Smith, like other TikTok users, knows that the platform recommends her content based on what she watches, saves, comments on, or likes. Smith did not engage when pro- Trump information came across her For You page.

Source: Pro-Harris TikTok felt safe in an algorithmic bubble — until election day

The Internet of Things Is Not Your Average Politics News Media: A Brief Look at the First Two Years of Donald Trump’s Presidency

It makes it harder for candidates to do their jobs and that’s something we can’t live with. She says that it makes it hard for news media to do their job because they are having to inform a public who has so many different sources.

Kacey Smith felt hopeful in the weeks leading up to the election. Smith, who supported Vice President Kamala Harris’ campaign, says she knew it would be a close race between the Democratic nominee and Republican Donald Trump. But as she scrolled TikTok, she believed Harris would be victorious.

There are dozens more: Even before the election, former “Vlog Squad” member Corinna Kopf endorsed Trump. Mika Lafuente posted a video of herself endorsing Trump along with several dance videos on the video sharing site TikTok.

Some people have criticized Scout West for liking posts from a pro-Trump woman, Jessica Reed Kraus, who was the author of House Inhabit. Kraus was on the campaign trail with Robert Kennedy Jr. or the Trump campaign.

Some of the women on my TikTok For You page are angry that some of their favorite lifestyle streamers have either announced their support of Trump or not done so at all. They are sharing lists of creators that are Trumpy and are posting videos encouraging others to block them as part of a new block out movement.

It’s not like your average politics newsletter. Makena Kelly and the WIRED Politics team help you make sense of how the internet is shaping our political reality.

Trump’s successful influencer and pod bro campaign spoke to young men, and created a new style of fandom for him online. It seems like Trump 2.0 has a new look as well.

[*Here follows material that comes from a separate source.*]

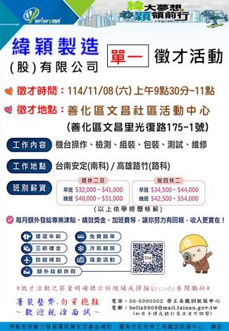 114/11/8(六)勞工局職訓就服中心辦理『緯穎智造股份有限公司』單一徵才活動,歡迎求職民眾踴躍參加

Berman suggests that one should look to the return of Ralph Lauren. Or the aestheticization of Catholicism and the farm-to-table-to-Instagram-grid “tradwife.” These trends creeped out from the more fringe parts of the internet during the first Trump administration, and have since been legitimized and become more dominant in contemporary culture.

Over the past few days, I haven’t been able to stop thinking about this TikTok I watched over the weekend. In it, fashion celebrity Elysia Berman said that the foundations of a second Trump presidency were laid years ago due to the old money trends dominating the lifestyle industry.